1.1.Il motivo è fondato.

1.2. Invero, deve evidenziarsi che il contribuente, ora deceduto, è un “vecchio iscritto” al fondo, quindi prima del 1993, ed ha conseguito la liquidazione della prestazione entro l’anno 2000, sicché non può applicarsi la normativa successiva al 1 gennaio 2001.

1.3. Occorre, dunque, anzitutto rammentare che, a decorrere dal 1 gennaio 1986 (in base al CCNL del 16 maggio 1985, art. 12, comma 4, recepito dall’Enel), venne prevista a favore dei dirigenti Enel la stipula di un’assicurazione sulla vita con la previsione contrattuale dell’erogazione di una prestazione al momento del collocamento a riposo.

Successivamente, sempre nel 1986 ((OMISSIS)), a seguito di apposita richiesta delle rappresentanze sindacali dei dirigenti, tale previsione venne modificata con l’accordo tra l’Enel e la Federazione nazionale dirigenti di aziende industriali (Fndai), in virtù del quale venne sostituito il trattamento assicurativo di cui sopra con un rapporto di previdenza pensionistica integrativa (c.d. P.I.A., ovvero Previdenza Integrativa Aziendale) con prestazioni da erogare in forma di trattamento periodico (ciò peraltro con efficacia retroattiva al 1 gennaio 1986, da ciò potendosi desumere che la disposizione che prevedeva la stipula di polizze vita di fatto non venne mai applicata).

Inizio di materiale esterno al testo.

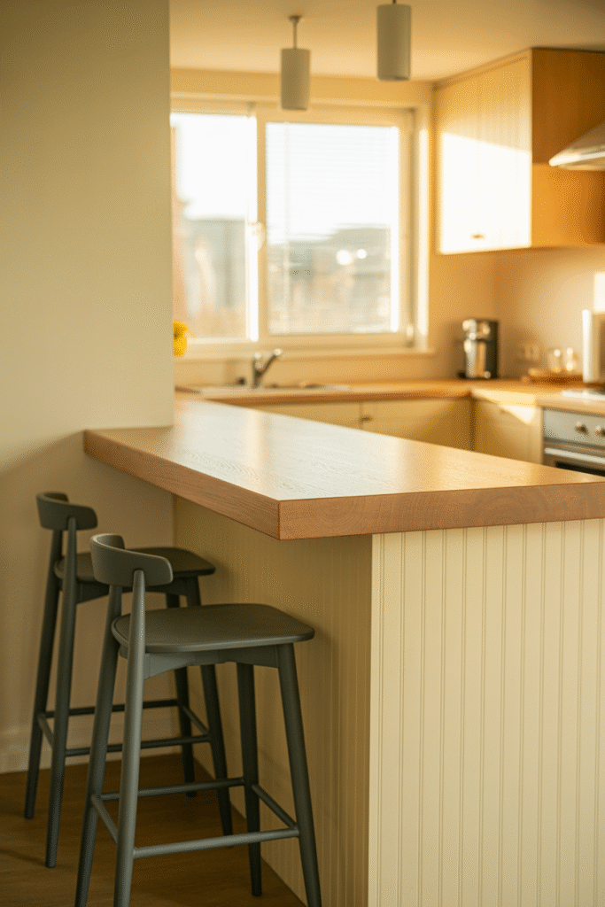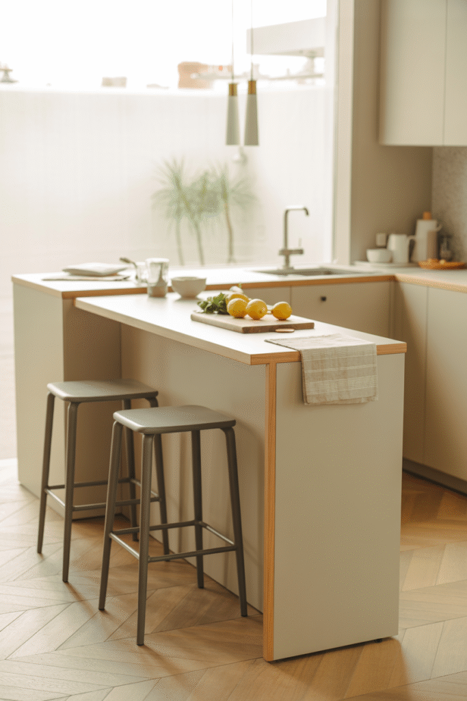 Mix counter heights to define “zones” without walls. For example, a 90 cm (36 in) prep area by the sink and a 105 cm (42 in) bar-height section for casual dining. This works wonders in small apartments. I’ve used Ikea SEKTION cabinets for the base, with custom plywood tops painted in a matte finish.

Al CCNL del 16 maggio 1985, art. 4, si prevede che “a partire dal 1 gennaio 1986 verrà corrisposta agli aventi diritto una prestazione pensionistica di valore pari al 70% della differenza intercorrente tra la retribuzione individuale quale definita nel comma successivo e il valore annuo massimo della pensione erogabile dal sistema previdenziale obbligatorio di appartenenza del dirigente”. Tale forma di previdenza venne però dismessa nel 1998 e i fondi accumulati trasferiti a (OMISSIS), Fondo di Previdenza integrativa esterno, chiamato a gestire una forma di previdenza complementare a capitalizzazione individuale, con diritto degli aderenti alla liquidazione dell’intero capitale in luogo della rendita vitalizia.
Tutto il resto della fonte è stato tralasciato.